Go Back   SEQanswers > Applications Forums > RNA Sequencing



Similar Threads
Thread Thread Starter Forum Replies Last Post
50 bp paired end reads vs. 100 bp single end reads efoss Bioinformatics 12 01-15-2014 08:05 PM
Can Cuffdiff treat paired-end and single-end reads at the same time? zun RNA Sequencing 3 06-12-2012 05:37 PM
Can paired-end mapping produce more reads than single-end ? warrenemmett Bioinformatics 13 03-20-2012 11:10 PM
RNA-seq: Replicates, single-end, paired-end story pasta Bioinformatics 2 07-04-2011 11:51 PM
BOth single and paired end reads in a file!! adgen Illumina/Solexa 0 06-30-2010 10:28 AM

Reply
 
Thread Tools
Old 12-10-2010, 11:11 AM   #1
adarshjose
Junior Member
 
Location: ames IA

Join Date: Jul 2010
Posts: 6
Default TopHat -paired end vs single end reads

Hi,

I was trying to map paired end Illumina GA IIE 85 bp reads to a reference genome using TopHat. When I tried to map both the pairs together only a small fraction (< 10 % ) of the reads mapped to the genome, but > 80 % of the reads mapped to the reference when I mapped the pairs separately.

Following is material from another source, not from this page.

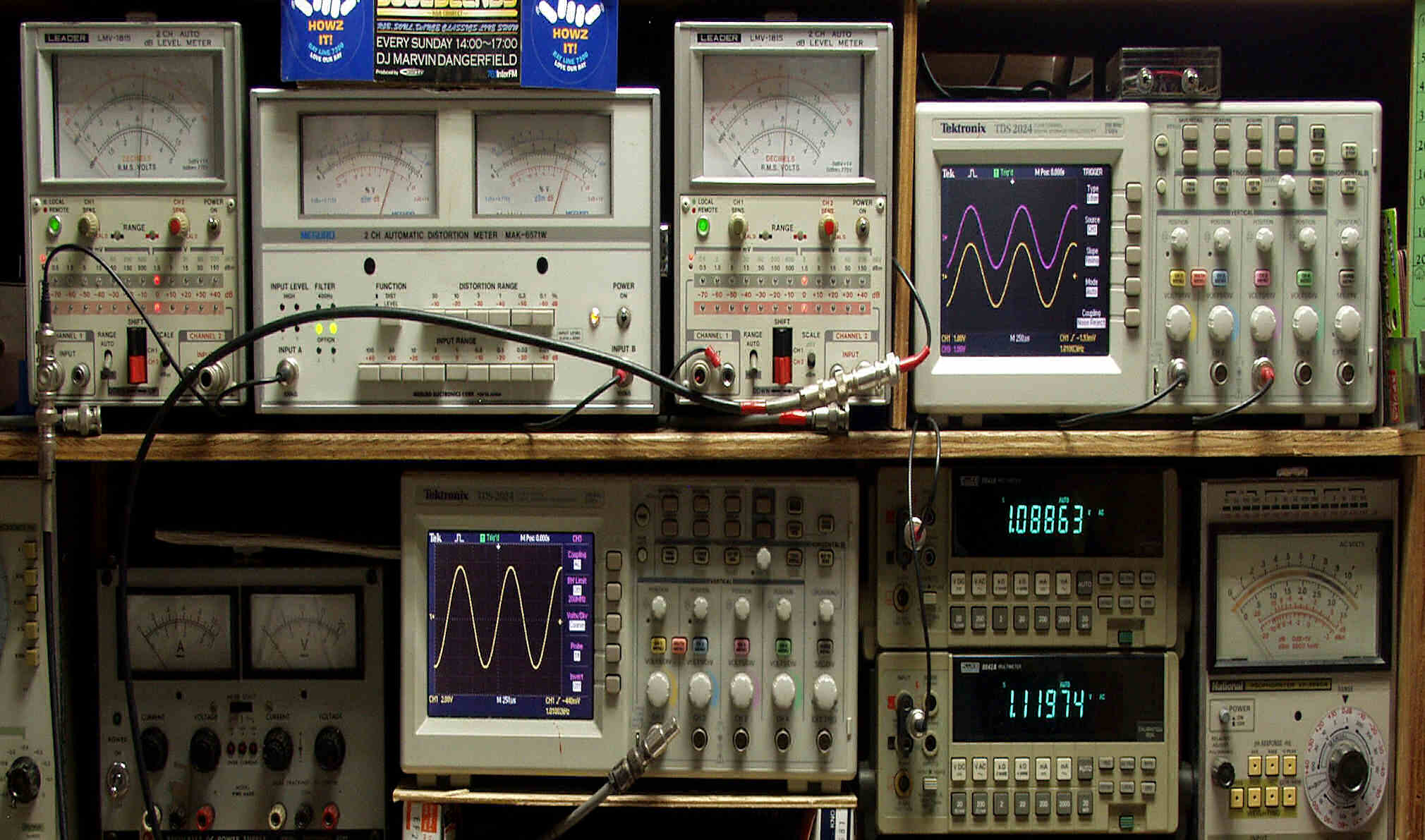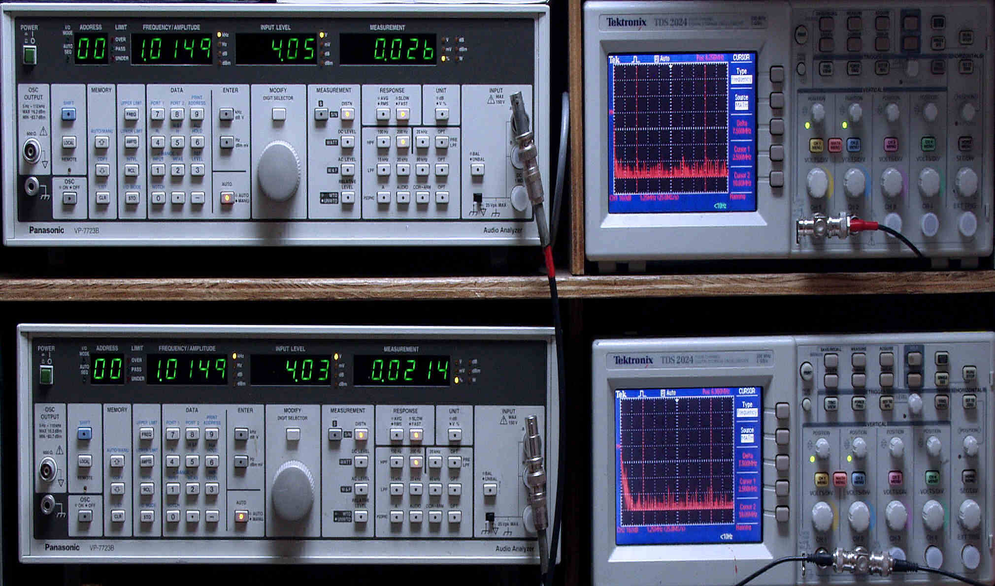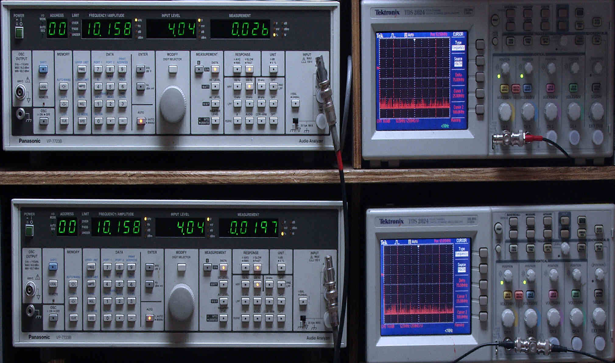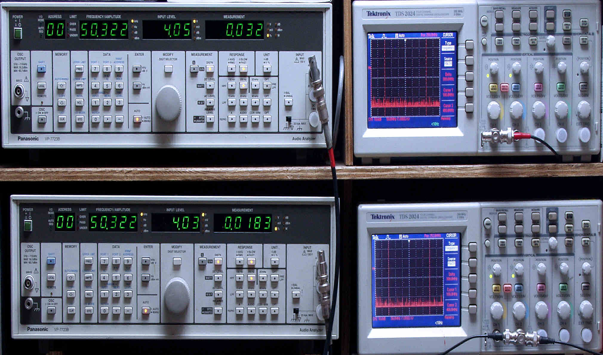 上段中左 歪み率計=出力の歪み率測定。 左メータ=L出力、右メータ=R出力。

mapping using each paired end data separately:
tophat -r 200 -o ./tophatr200 Ref/Zm.seq.uniq seqs__filtered_6_1.fastq
tophat -r 200 -o ./tophatr200 Ref/Zm.seq.uniq seqs__filtered_6_2.fastq

(> 80 % of reads mapped here.)

mapping paired data together:
tophat -r 200 -o ./tophatr200 Ref/Zm.seq.uniq seqs__filtered_6_1.fastq seqs__filtered_6_2.fastq

(< 10 % of reads mapped here.)

Has anyone seen this before ? Could this have something to do with the -r value ? Any suggestion will be greatly appreciated.

Thanks

Adarsh Jose
Iowa State University
adarshjose is offline   Reply With Quote
Old 12-14-2010, 01:03 AM   #2
sphil
Senior Member
 
Location: Stuttgart, Germany

Join Date: Apr 2010
Posts: 192
Default

hey,

probably the distance between your paired-ends is to high such that TopHat isn't able to map it accurate to the source sequence. This could result of a high standard deviation in the sample prep. of the reads you use (i.e. too large clone libraries).
If you map the read on their own they could be mapped because the information of mate pairs doesn't really matter in such a case. Try to enlarge the possible gaps while using TopHat and review the results.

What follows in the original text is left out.